For the tapestries proper, it’s five minutes from Pallant to the Cathedral. If you approach through Dean’s Close you’ll stand on the spot where Piper painted in such appalling weather. Hussey was delighted with the tapestries, but one of the canons wore dark glasses to services in protest.

For Hussey Piper also designed a chasuble in yellow Thai silk and yellow satin with psychedelic spirals in appliqué gold kid leather. It was 1962 and it’s a very groovy vestment.

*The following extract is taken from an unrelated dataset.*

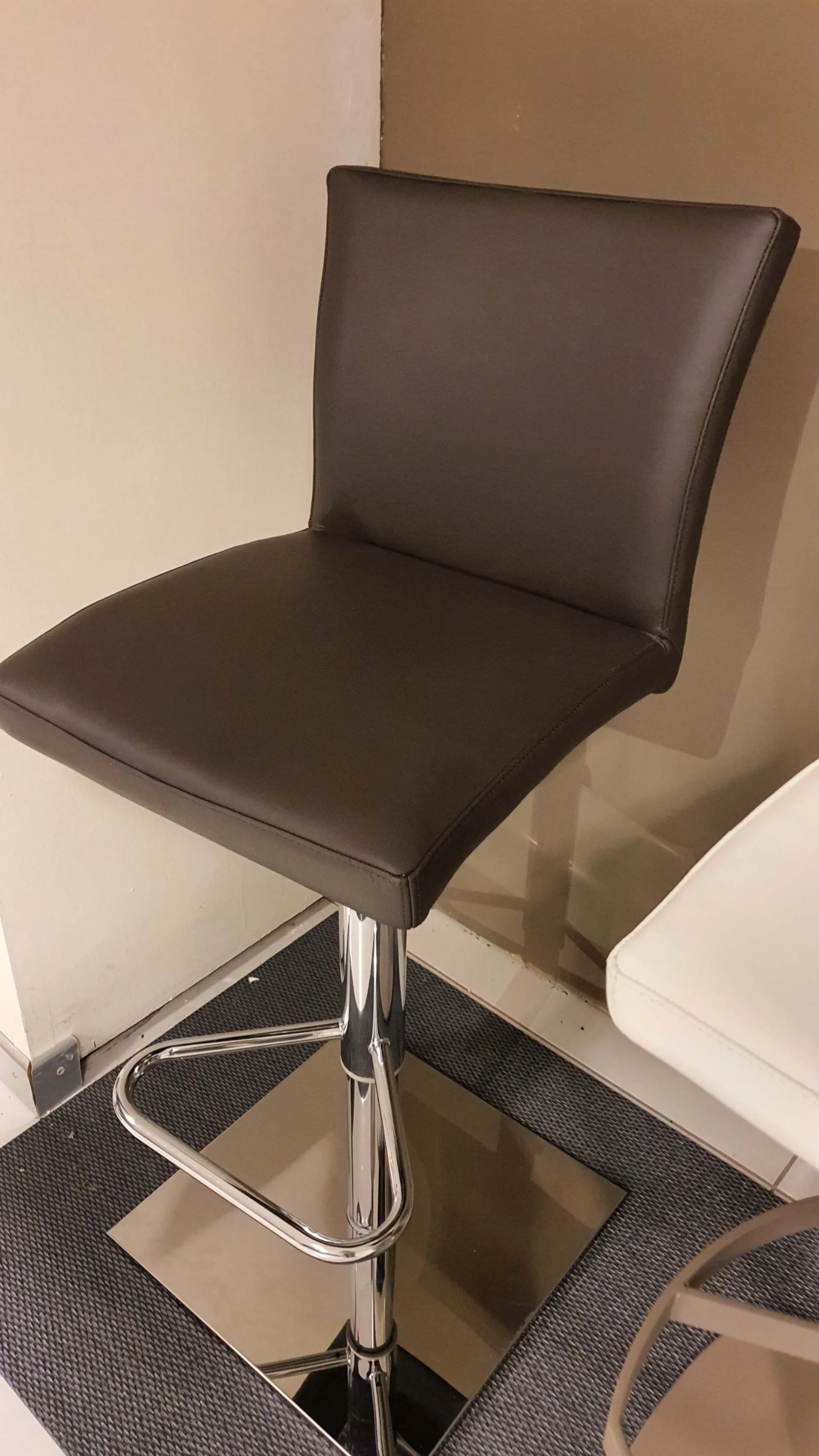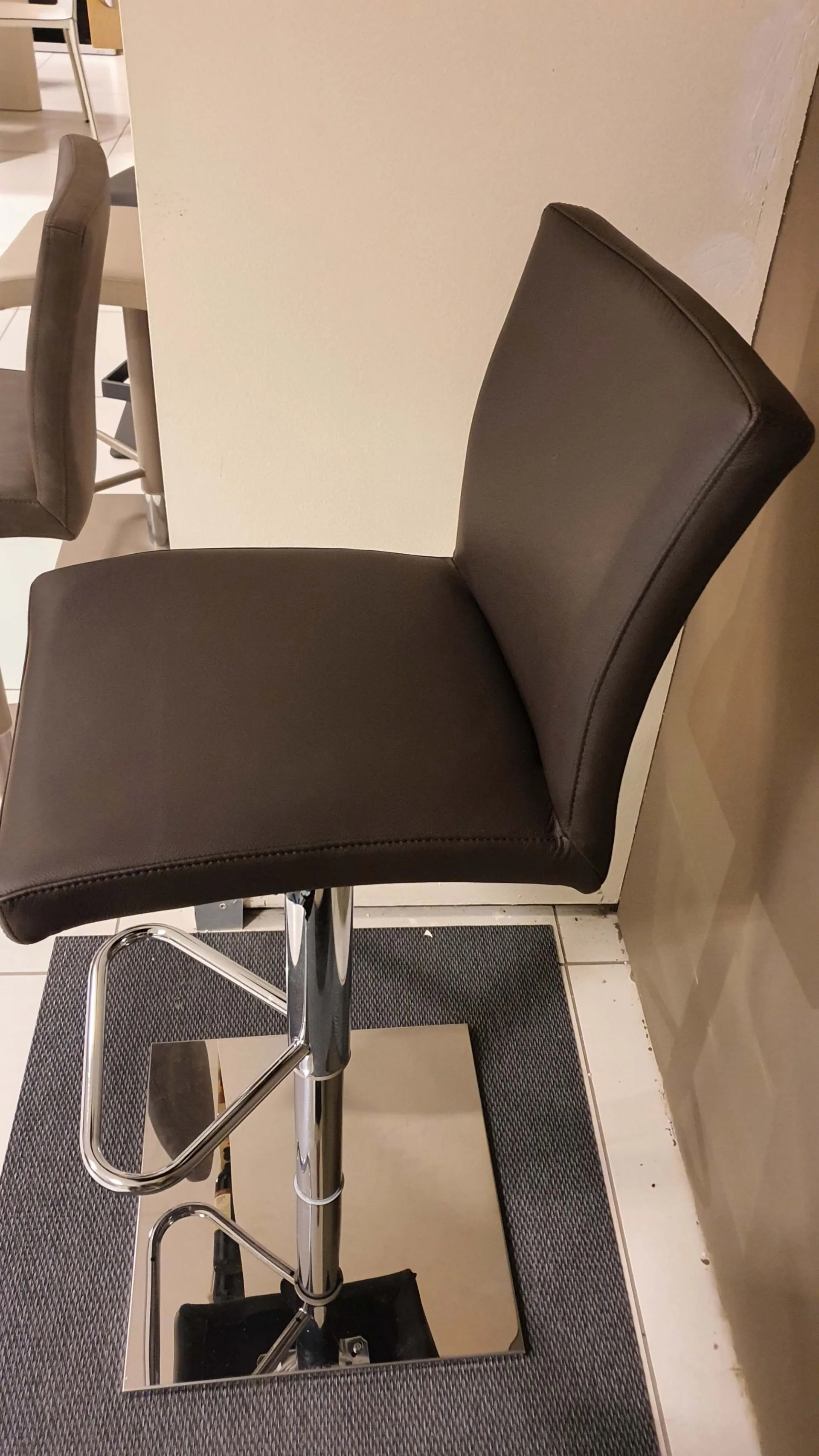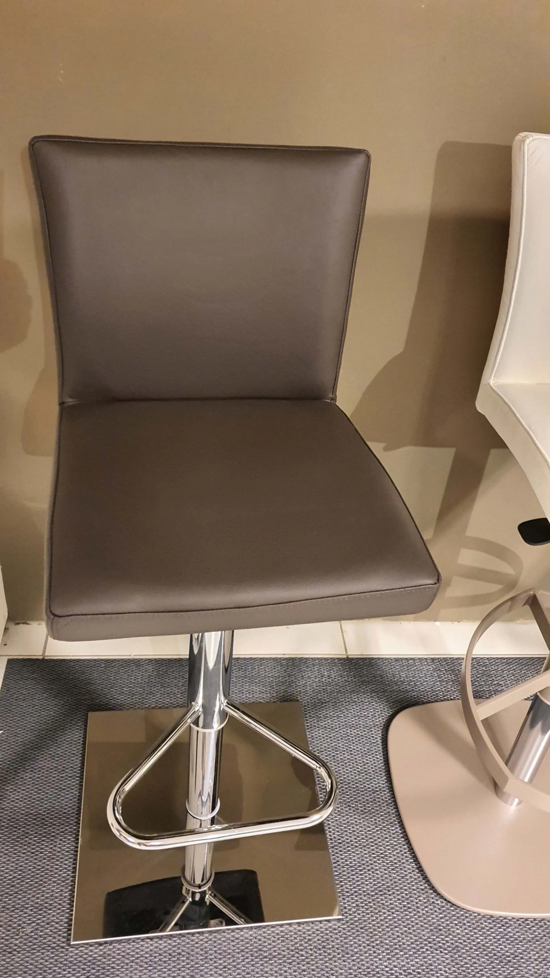 Sgabello SOFT con rivestimento in pelle color moka e base cromo

In the same year, and in more sombre mood, Piper produced a fabric design for Sanderson’s: ‘Stones of Bath’, printed on the firm’s Sanderlin fabric, a satinised linen which gave the designs a shimmering, restless texture. It was ideally suited to Piper’s designs for scudding clouds over Snowdonia (‘The Glyders’ fabric, 1960); the rippling, restless waters of the Grand Canal in Venice (‘Chiesa Della Salute’, 1960); and the play of light on Bath stone as in ‘Stones of Bath’. The Pipers had ‘The Glyders’ made into loose covers for the chairs at their home Fawley Bottom — ‘Fawley Bum’, John Betjeman called it.

Piper, who with Betjeman was a keen church-haunter, turned the foliate heads of medieval church bosses into patterns for silk scarves. These ‘Green Men’ turn up again as a set of ‘Four Seasons’ tapestries for the Royal Surrey County Hospital (1986). Winter is particularly appealing with his walrus moustache of ivy above holly-berry lips.

At the Fine Arts Society exhibition Counterpoint II: Modern Realism 1910–1950, there is more Piper, here painting a beach scene on an evening mild enough to sketch with the window open. Collaged curtains made of paper doilies blow in the breeze. In ‘The Harbour at Night’ (1933), an old tobacco packet — ‘Superfine Shagg’ — becomes an advertisement hoarding on the seafront. The sea is silver paper.

Counterpoint tackles the accepted notion that the story of modern art in Britain is one of an insistent ‘journey towards abstraction’. In the 1930s, Piper rejected the muscular abstraction of Ben Nicholson, as did many others. Here we find Stanley Spencer, C.R.W. Nevinson, Edward Wadsworth and John Duncan Fergusson in bright, holiday spirits at Cookham Regatta, Cap d’Antibes, and the quay at Dinard, and William Nicholson and Christopher Wood in raptures over freesias, primulas and mimosa. Eric Ravilious, meanwhile, has just the solution to dreary British rain: a submarine, sketched at the Admiralty base at Gosport, and perfectly watertight.